そして、登場キャラクターたちがどういう人物なのかも、このサスペンス描写を見ながら、同時に理解出来るというまさに無駄の無い感じが素晴らしい。
そして中盤、敵の火星人軍団が襲って来てからはアクションがメインの展開になるんですが、このアクション描写のレベルの高さに驚かされます。デゾレーションことアイス・キューブがマシンガンを両手で持って突撃するシーンから始まる集団戦闘の迫力の凄い事!しかも、アップや短いカット割などによるごまかしをしていない、見事な乱戦描写には興奮を禁じ得ないです。
さらに、ホラー映画の最大の見せ場、残酷シーンも奮っています。火星人の必殺武器に、「やたら切れ味のいい円盤型飛び道具」があり、これに当たると、腕だろうが頭だろうが、スパッ!と切り落とされてしまいます。序盤でキャラクターをしっかり描いて来た登場人物の首がスッパリ落とされる様は、まさに戦慄ものです。
主演のナターシャ・ヘンストリッジは、モデル出身の金髪美人という、こんな火星人軍団との血みどろな戦いを描いた映画には合わなそうな感じですが、意外や意外、かなりアクションの才能のある人だったんですね。
このところ、格闘アクション“らしきもの”を見せてる女優をたまに見かけるんですが、そんなへっぽこアクションとは格の違う、見事なアクションを披露してくれました。

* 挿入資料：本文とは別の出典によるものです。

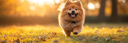 A fluffy, brown, thick-coated dog with a playful disposition strolls through a sun-drenched park surrounded by colorful autumn leaves, demonstrating a joyful time spent outdoors.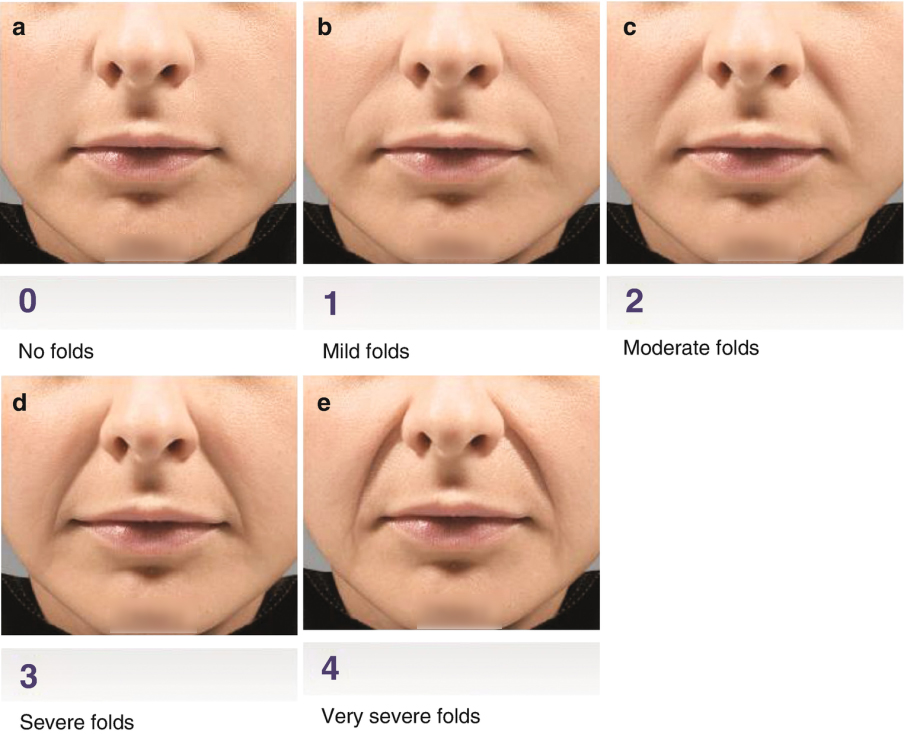 위와 같이 주름의 심한 정도를 0~4단계로 나누었을 때, 써마지 리프팅이 효과적인 분들은 2단계(Moderate folds)에 해당되는 분들이라고 생각하시면 좋습니다.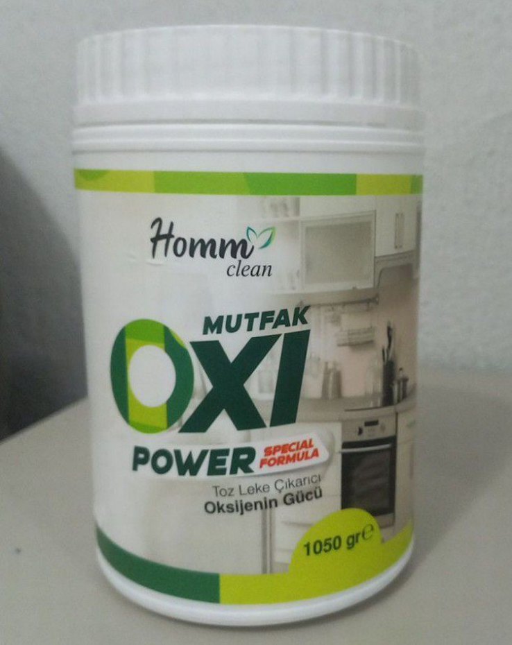 Hommy mutfak toz leke çıkarıcı, oksijen gücüyle etkili temizlik sağlar. 1050 gramlık parlak haki renkte kutuda.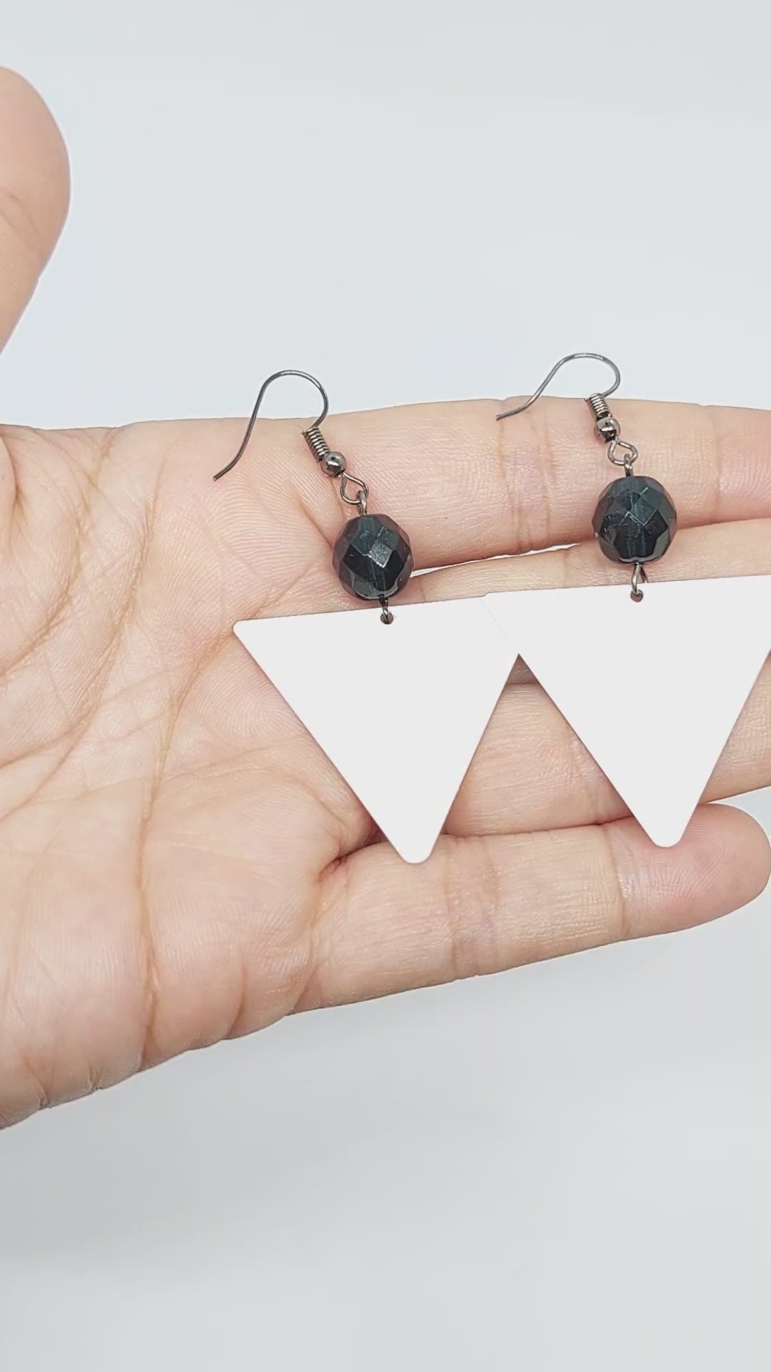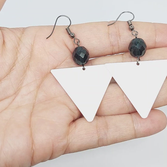 White metal triangles with deep blue glass bead on hypoallergenic earring hooks.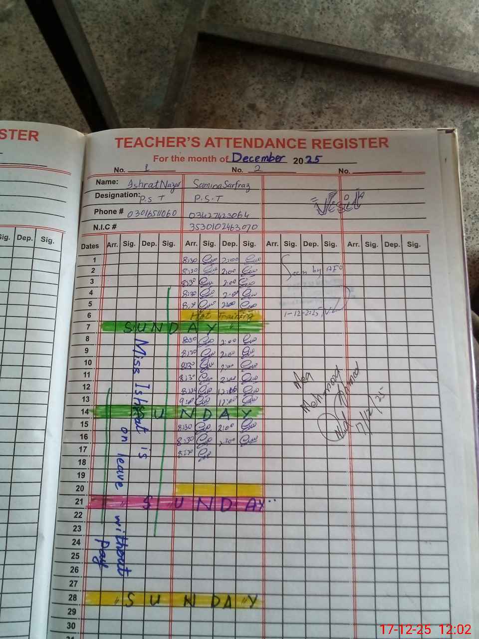 | CNIC | Full Name | Designation | R/C | Absence During Last Calender Month |

ラストには火星人との一騎打ちシーンがあるんですが、この手のヒロイン・アクションでよく見る、「この敵、どう見ても手を抜いて勝たせてあげてるだろう」感が全く無いんです。本気の戦いで勝ってるように見えるんですから、凄いです。
さらに驚いた事に、ナターシャがこの映画に参加する事が決まったのが、ある事情で、クランクインの直前になってしまい、他のキャストは受けていた、アクションや格闘の訓練をほとんど受けずに撮影に入ったらしいんです。それであそこまでやれるんですから、これは凄いことです。
本人の才能もさることながら、スタント・コーディネーターのジェフ・イマダの振り付けのうまさもあるでしょうね。この映画で出る格闘シーン、一対一の格闘戦から、集団戦の中でちょこっと見られる格闘戦に至るまで、全てが見応えがあるんです。映画的な見栄え感もあり、リアル感もありますからね。
アクションメインの映画でも、ここまでレベルの高いアクションを見せられる映画はそう無いでしょうね(しかも、アクション俳優が出てないのに)。
この映画、かなり“作り込まれてる”感のある映画なので、何度見ても面白いです。
ただ、個人的に主演のアイス・キューブの地味さがどうにも気になってしょうがなかったんですが、DVDの音声解説で、ナターシャ・ヘンストリッジがアイスの事を「テディベアみたい」と言ってるのを聞いてハッとしました。“確かに似てる!”と(笑)。そう、この映画は「テディベアが火星人と戦う映画」という見方も出来るんです(何だそりゃ・笑)。
ずっとアイスは自分的にはミスキャストだと思ってたんですが、これを聞いて以来、考えが変わりました。変な柄のズボンを穿いてるところも、とってもラブリィに思えてしまいます。